YOUR TASK: In the records below, find the line with "华侨城宝辰总高230米,为宝" and the line with "Leigh Leaf 16oz"; return exactly those lines and every line between them.

DATASET RECORDS:
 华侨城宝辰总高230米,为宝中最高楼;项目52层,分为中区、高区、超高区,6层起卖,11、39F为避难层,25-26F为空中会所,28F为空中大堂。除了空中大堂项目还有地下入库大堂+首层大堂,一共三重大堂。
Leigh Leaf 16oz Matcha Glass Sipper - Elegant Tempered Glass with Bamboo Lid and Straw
...
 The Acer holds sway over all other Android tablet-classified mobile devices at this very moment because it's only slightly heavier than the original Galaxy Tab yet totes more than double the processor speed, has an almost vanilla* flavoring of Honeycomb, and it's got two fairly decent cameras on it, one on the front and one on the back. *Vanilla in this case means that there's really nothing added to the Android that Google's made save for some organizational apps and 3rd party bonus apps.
---
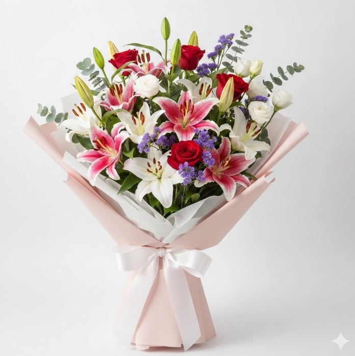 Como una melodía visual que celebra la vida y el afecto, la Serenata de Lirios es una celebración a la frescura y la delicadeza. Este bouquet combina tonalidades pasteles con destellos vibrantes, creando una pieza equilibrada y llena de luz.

RESULT OF THIS TASK:
 华侨城宝辰总高230米,为宝中最高楼;项目52层,分为中区、高区、超高区,6层起卖,11、39F为避难层,25-26F为空中会所,28F为空中大堂。除了空中大堂项目还有地下入库大堂+首层大堂,一共三重大堂。
Leigh Leaf 16oz Matcha Glass Sipper - Elegant Tempered Glass with Bamboo Lid and Straw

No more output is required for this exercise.